For ACT 2017 to 2019

In [104]:
act17_columns_list = [
    'state',
    'act17_part',
    'act17_eng',
    'act17_math',
    'act17_read',
    'act17_sci',
    'act17_comp'
]

act18_columns_list = [
    'state',
    'act18_part',
    'act18_comp'
]

act19_columns_list = [
    'state',
    'act19_part',
    'act19_comp'
]


act17.columns = act17_columns_list
act18.columns = act18_columns_list
act19.columns = act19_columns_list

For SAT 2017 to 2019

In [105]:
sat17_columns_list = [
    'state',
    'sat17_part',
    'sat17_ebrw',
    'sat17_math',
    'sat17_total'
]

sat18_columns_list = [
    'state',
    'sat18_part',
    'sat18_ebrw',
    'sat18_math',
    'sat18_total'
]

sat19_columns_list = [
    'state',
    'sat19_part',
    'sat19_ebrw',
    'sat19_math',
    'sat19_total'
]


sat17.columns = sat17_columns_list
sat18.columns = sat18_columns_list
sat19.columns = sat19_columns_list

### 8. Clean and drop unnecesary rows if required.

For ACT 2017

In [106]:
#removal of national row from act17
act17.drop(act17[act17['state']=="National"].index, inplace=True)
#Reset and drop index
act17 = act17.reset_index(drop = True)

For ACT 2018

In [107]:
#Changing "District of columbia" to "District of Columbia"
act18['state'] = act18['state'].replace(['District of columbia'],'District of Columbia')

#Drop duplicates
act18 = act18.drop_duplicates()

#Reset index
act18 = act18.reset_index(drop = True)

For ACT 2019

In [108]:
#removal of national row from act19
act19.drop(act19[act19['state']=="National"].index, inplace=True)

#Reset index
act19 = act19.reset_index(drop = True)

For SAT 2019

In [109]:
sat19.reset_index(drop = True, inplace = True)

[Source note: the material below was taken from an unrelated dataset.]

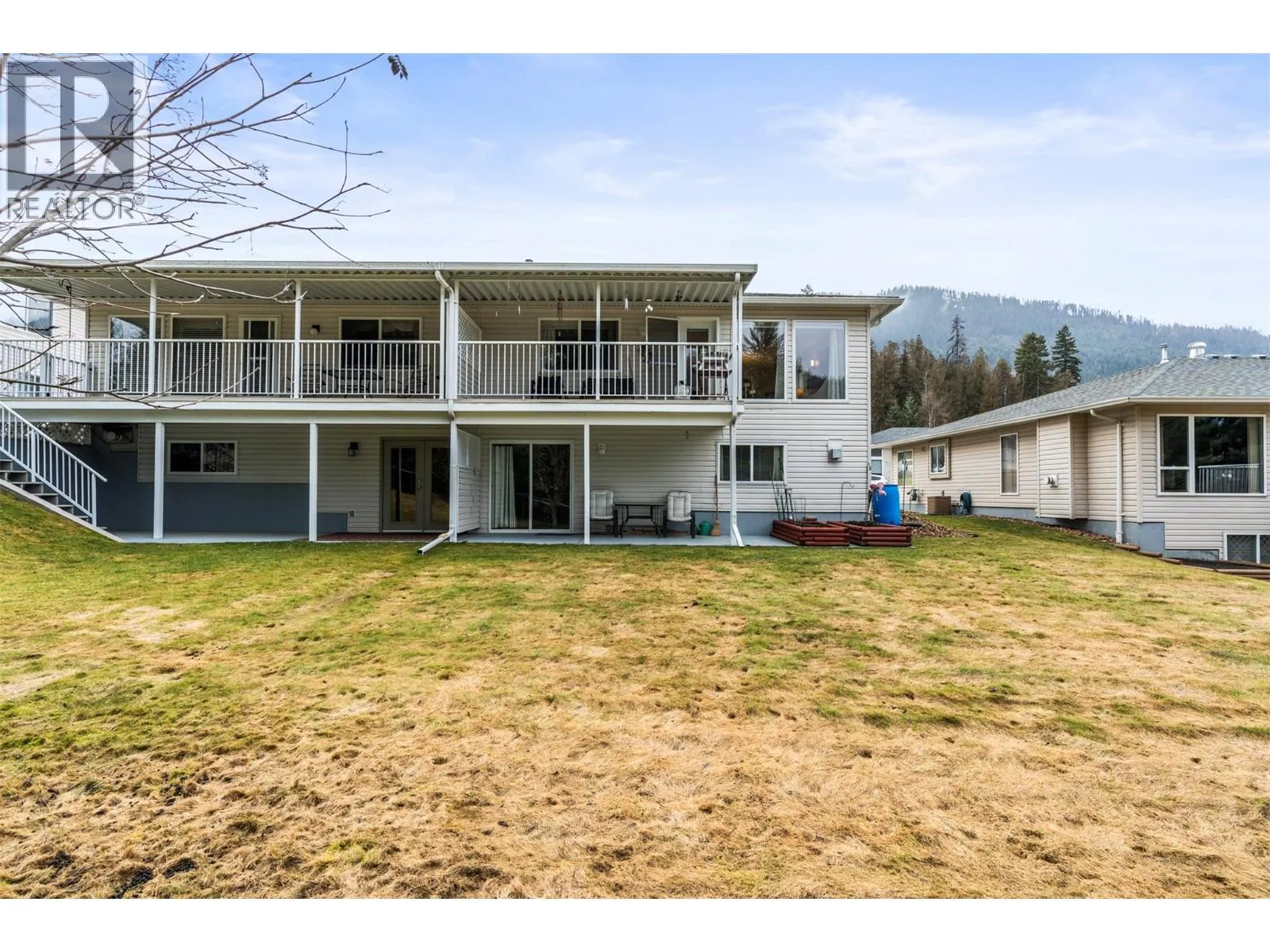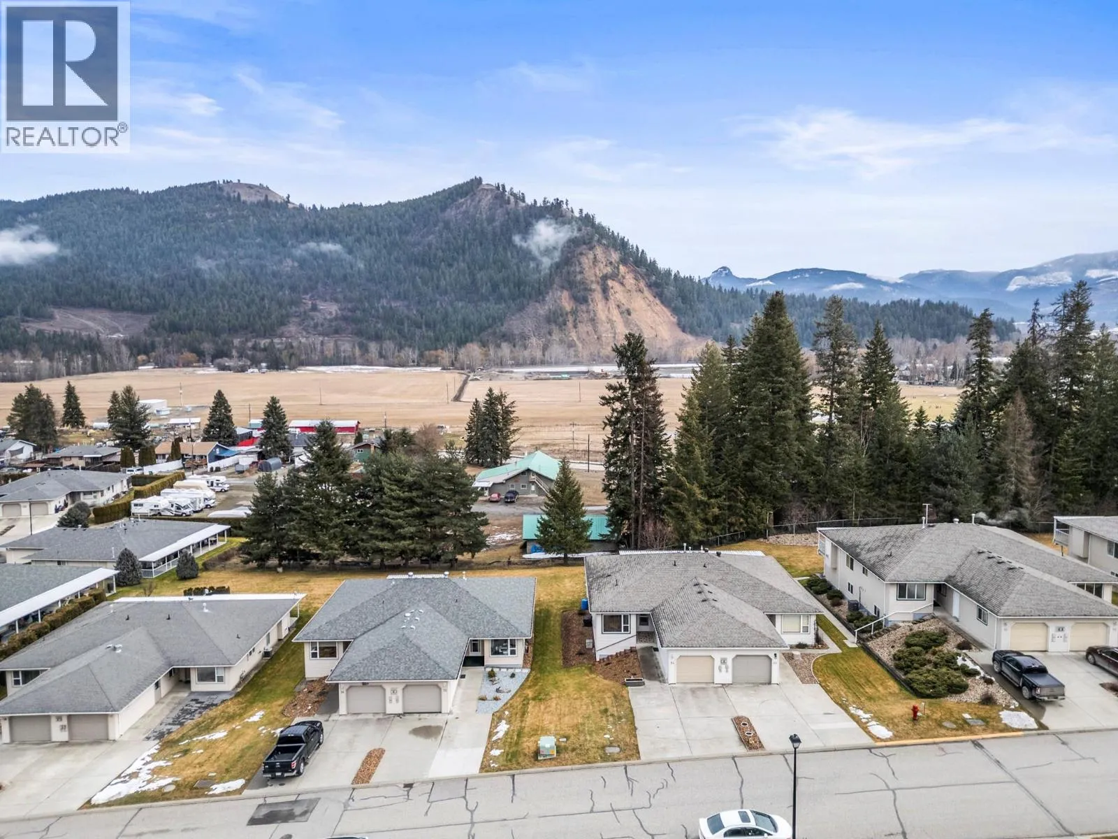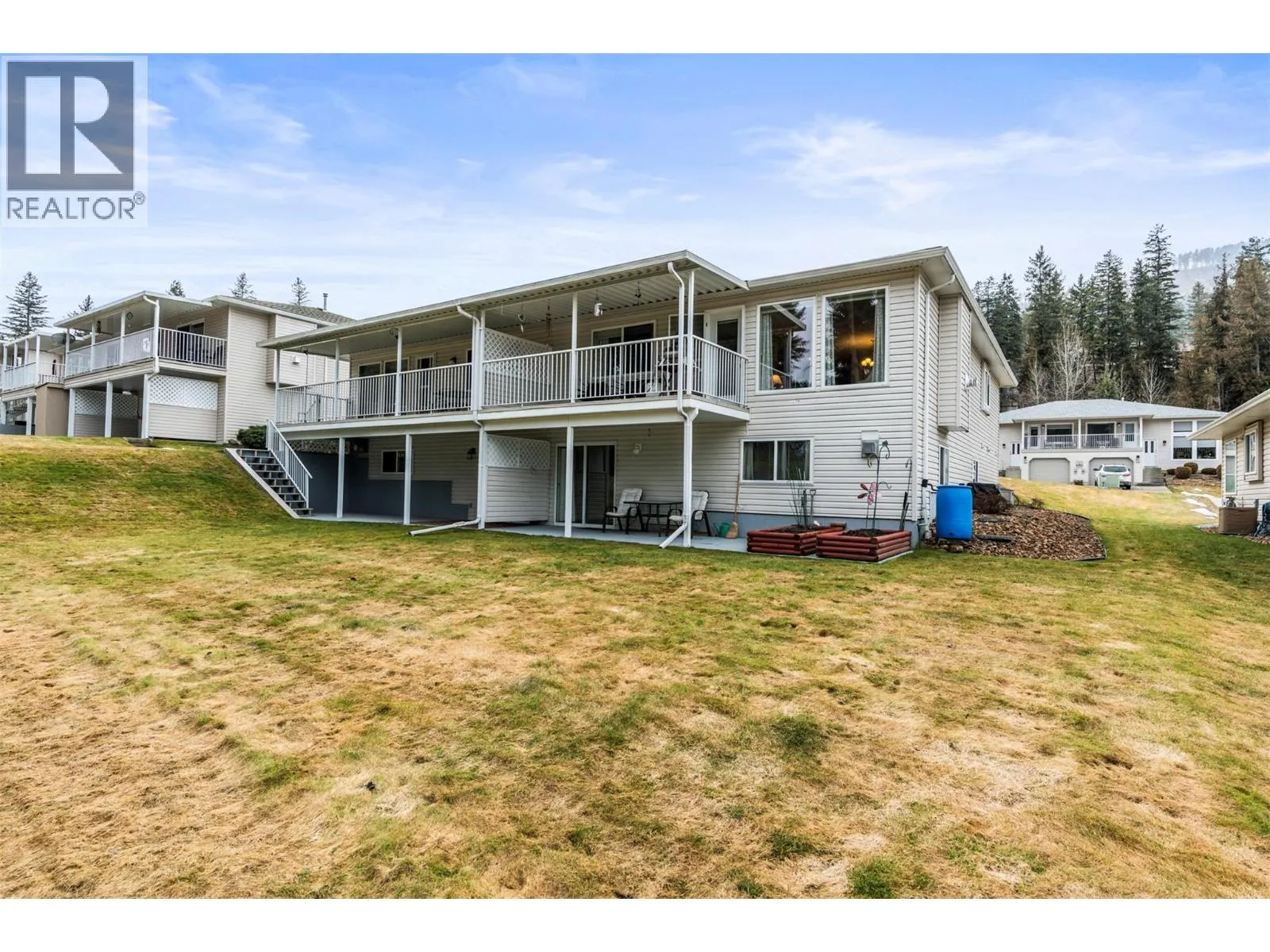 Welcome to The Villas â retirement living at its finest in a quiet, park-like setting. Pet-friendly and welcoming, the strata allows 2 dogs, 2 cats, or one of each, so your four-legged companions can feel right at home too. From the moment you enter the complex, youâll notice the meticulously maintained grounds and the pride of ownership that defines this peaceful community. This beautifully cared-for home offers comfort, functionality, and scenic views in every season. The bright kitchen features generous cupboard space and a cozy eat-in area â the perfect spot to start your day. While doing the dishes, you may even catch the unique sight of paragliders launching from nearby Cooperâs Launch. The spacious living room opens onto a covered upper deck, ideal for morning coffee or year-round relaxation while taking in stunning mountain and valley views. The main floor includes a large primary bedroom, a convenient home office(just add a murphy/sofa bed for the guests) with main-floor laundry, and a full bathroom â allowing for easy single-level living. Downstairs, the fully finished lower level offers a second oversized bedroom, an additional full bathroom, sliding glass doors to a covered patio, and a dedicated workshop area perfect for hobbies, projects, or extra storage. Outside, enjoy your own small raised garden bed surrounded by green space that provides privacy and a serene backdrop. Inside, two cozy gas fireplaces add warmth and ambiance, while abundant storage ensures everything has its place. A rare and valuable bonus in this complex is direct access to the garage from inside the home, along with an exterior man door. With low monthly strata fees and a quiet, well-maintained community, this is an exceptional opportunity to enjoy comfortable, carefree retirement living at The Villas. (id:27476)

### 9. Merge dataframes that can be  merged

In [110]:
"""
Merge the following dataset by Years and a Combined dataset
- SAT 2017,2018,2019
- ACT 2017,2018,2019
"""

sat_act_17 = sat17.merge(act17, how = "outer", on = "state")
sat_act_18 = sat18.merge(act18, how = "outer", on = "state")
sat_act_19 = sat19.merge(act19, how = "outer", on = "state")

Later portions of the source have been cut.